What cases in nature are the most troublesome for scientists to reconcile with the theory of evolution by natural selection? Are there any at all? Or are they so numerous that a top-10 list would be in order to get started?
It seems to me that the case of ornaments for sexual selection is troublesome, because I found two competing explanations: one is Fisher's runaway explanation, and the other says an ornament advertises fittness and good genes because its owner is able to survive despite being handicaped by it. But maybe scientists do not consider ornaments troublesome, and it is only what scientists find troublesome that I'm asking about.
I think your example beautifully demonstrates the disconnect between your standpoint and that of a scientist. They are
many questions in Evolutionary theory which are either unanswered, or where the potential answers have not been satisfactorily resolved one way or the other. You've given one example, I can throw in some more - the nature of pre-cambian evolution, why and how humans developed such remarkable brains, and naked skins, what patterns of rate change typify evolution, how much do random events influence the large scale pattern of evolution, etc.
However, no scientist is going to consider these "troublesome to reconcile with the theory of evolution" (although some might quibble with the 'by natural selection' bit) because they're unanswered questions
within the settled question of whether things evolve at all.
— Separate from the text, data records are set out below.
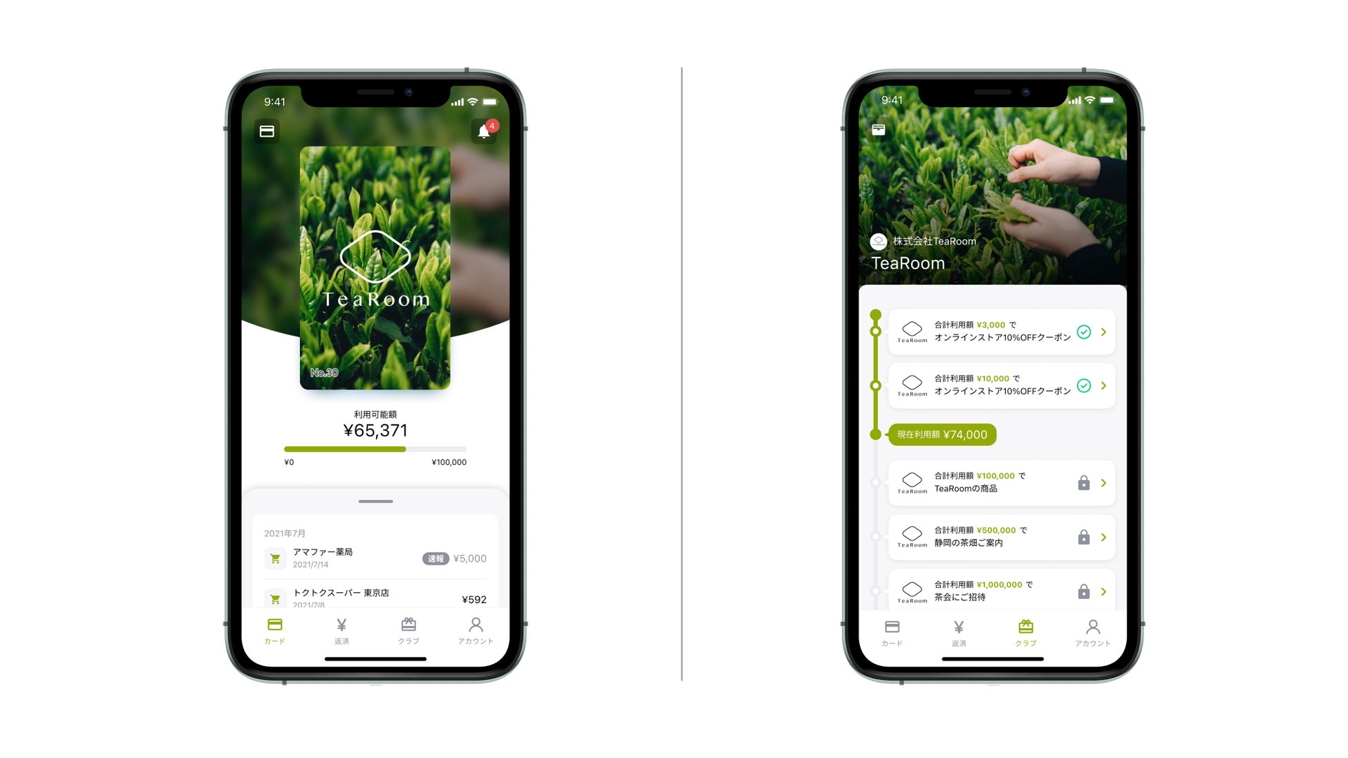 普段のお買い物などでNudgeカードをご利用いただくと、ご利用金額の一部が「TeaRoom」の支援につながります。クラブユーザー様は、ご利用金額に応じて、株式会社TeaRoomのオンラインクーポンや商品、静岡の茶畑ご案内や、茶会へのご招待などの特典をもらうことができます。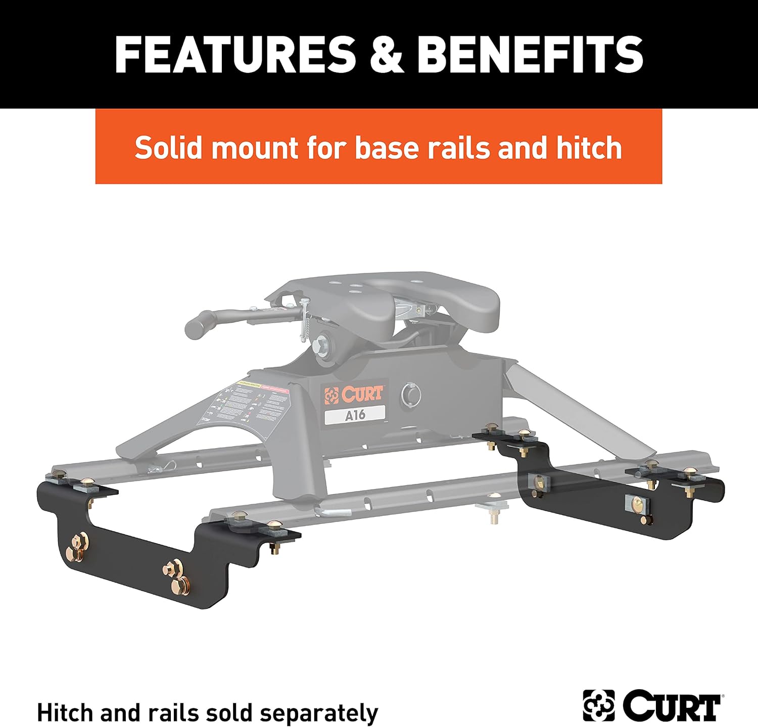 When you purchase a 5th wheel trailer hitch, you expect it to be capable of towing your RV, flatbed or whatever other 5th wheel trailer you own. While a 5th wheel hitch does offer an impressive amount of towing strength, it cannot get far without the proper installation equipment. Engineered for specific makes and models, CURT custom 5th wheel brackets provide the ideal solution for complementing the power of your 5th wheel trailer hitch. A custom 5th wheel bracket features a shape that contours to the frame of your truck and uses pre-drilled holes in the frame wherever possible to make installation quick and easy. Depending on your model of pickup truck, they also reduce or eliminate the need for drilling. These particular custom 5th wheel brackets offer a custom fit for certain model years of the Chevrolet Silverado and GMC Sierra 2500 HD and 3500 HD (except cab and chassis) (see application info to verify fitment). Finished in a durable liquid A-coat, CURT custom 5th wheel brackets are made to last. They include all necessary mounting hardware and are designed to be used in conjunction with CURT industry-standard 5th wheel base rails #16104 or #16204 (base rails sold separately).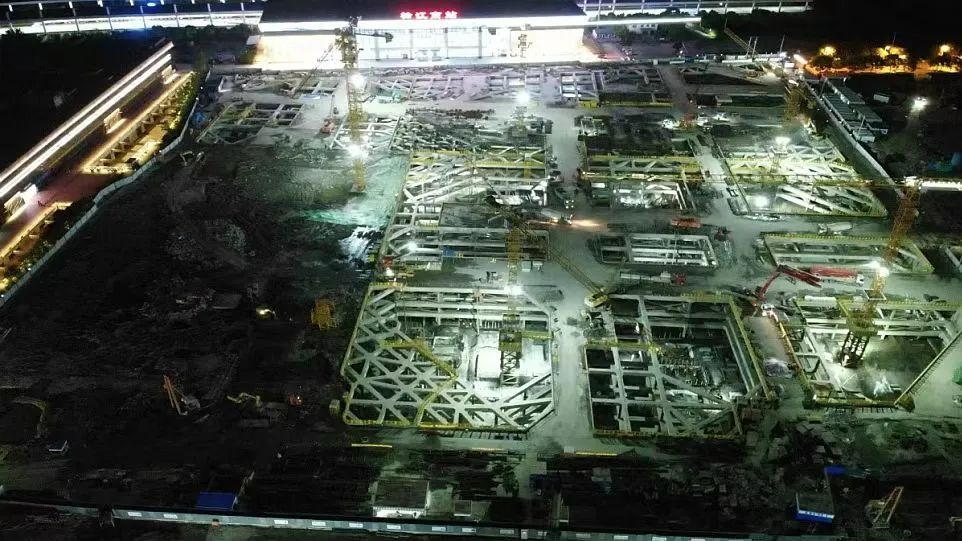 攻克巨量土方开挖难题后,建设方又面临大体积混凝土施工难题。“两个区域所需浇筑的混凝土在4万立方米左右,以一辆商砼运输车一次运输10立方米计算,共需要4000辆次,组织协调异常复杂。”项目相关负责人表示,他们将S1区和S4区细化为16个混凝土浇筑单元,实施现场指挥、驻站沟通、物资调配、安全监督、技术指导、质量控制、车辆调度、应急处置等多方面全方位全过程深度管理,在建设方连续昼夜奋战下,S1区和S4区分别顺利完成了混凝土浇筑3.3万立方米和7400立方米,确保了项目如期全面进入主体结构施工阶段。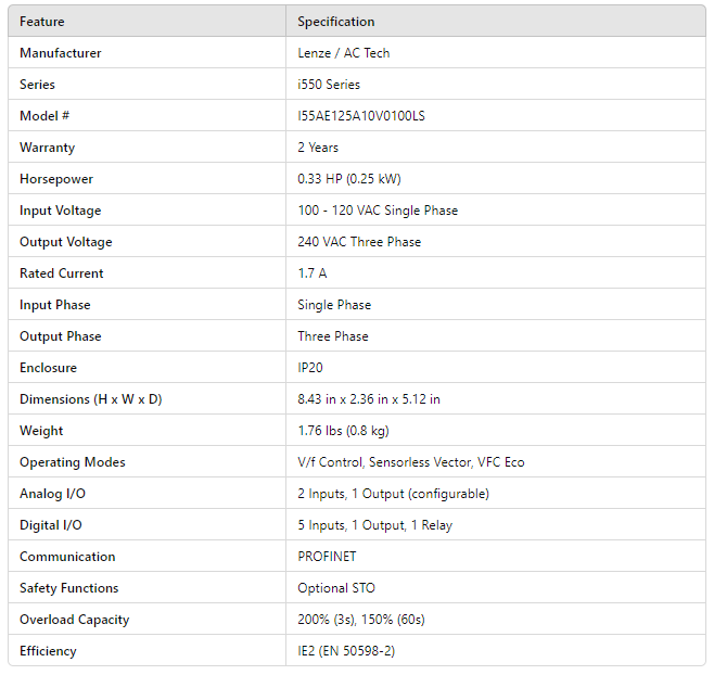 I55AE125A10V0100LS, i550-C INVERTER 0.33Hp 1PH(i/p) 120V / 230V 3PH(o/p) / 1.7A (o/p) / 0-599HZ(o/p) / STANDARD IO / PROFINET / IP20

To give an analogy, historians of the second world war will argue vociferously over how important this battle or that battle was, how much technology played a role, exactly how many Jews died in the camps etc., etc. but no serious 2nd world war historian is going to deny that there was a second world war, or that Britain, Russia and the US where on the same side fighting the Germans or that vast numbers of Jews (and Gypsies and homosexuals) were killed by the Germans in concentration camps, etc.